• [PROVIDED MATERIAL]
.....

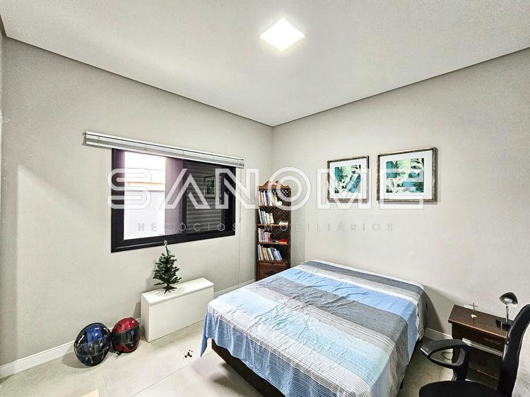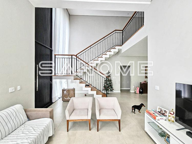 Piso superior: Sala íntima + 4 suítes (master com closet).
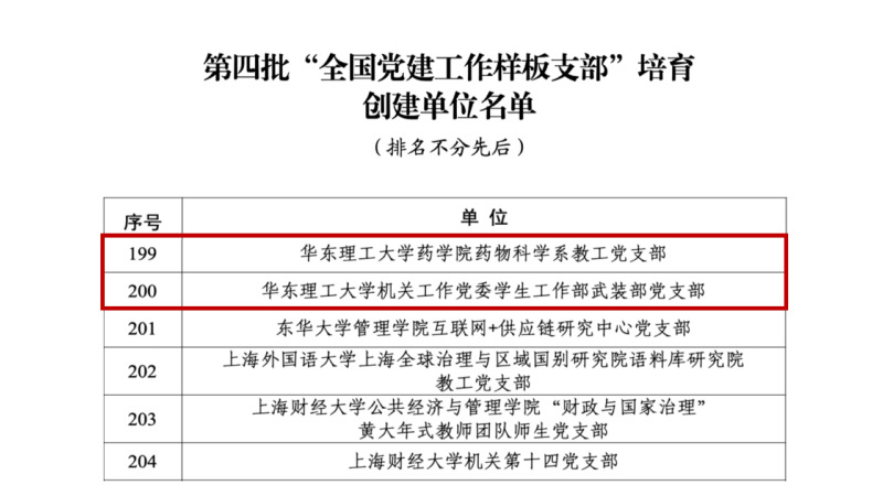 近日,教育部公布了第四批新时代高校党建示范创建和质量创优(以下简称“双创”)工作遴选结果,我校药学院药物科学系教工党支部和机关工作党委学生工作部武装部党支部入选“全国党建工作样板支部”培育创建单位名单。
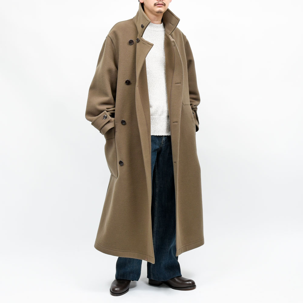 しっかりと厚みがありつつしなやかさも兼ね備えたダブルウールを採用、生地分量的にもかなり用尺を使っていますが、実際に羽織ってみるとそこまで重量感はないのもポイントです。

.....

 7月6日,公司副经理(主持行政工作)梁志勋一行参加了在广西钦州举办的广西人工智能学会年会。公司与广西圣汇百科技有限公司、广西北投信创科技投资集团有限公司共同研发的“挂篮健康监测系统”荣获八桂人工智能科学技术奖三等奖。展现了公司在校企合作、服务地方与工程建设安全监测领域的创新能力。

.....

• [EXERCISE] Copy exactly the lines of the entries above from the one containing "Piso superior: Sala" through the one containing "しっかりと厚みがありつつしな". Both end lines count; pictures do not.

• [SOLUTION TO THIS PROBLEM]
 Piso superior: Sala íntima + 4 suítes (master com closet).
 近日,教育部公布了第四批新时代高校党建示范创建和质量创优(以下简称“双创”)工作遴选结果,我校药学院药物科学系教工党支部和机关工作党委学生工作部武装部党支部入选“全国党建工作样板支部”培育创建单位名单。
 しっかりと厚みがありつつしなやかさも兼ね備えたダブルウールを採用、生地分量的にもかなり用尺を使っていますが、実際に羽織ってみるとそこまで重量感はないのもポイントです。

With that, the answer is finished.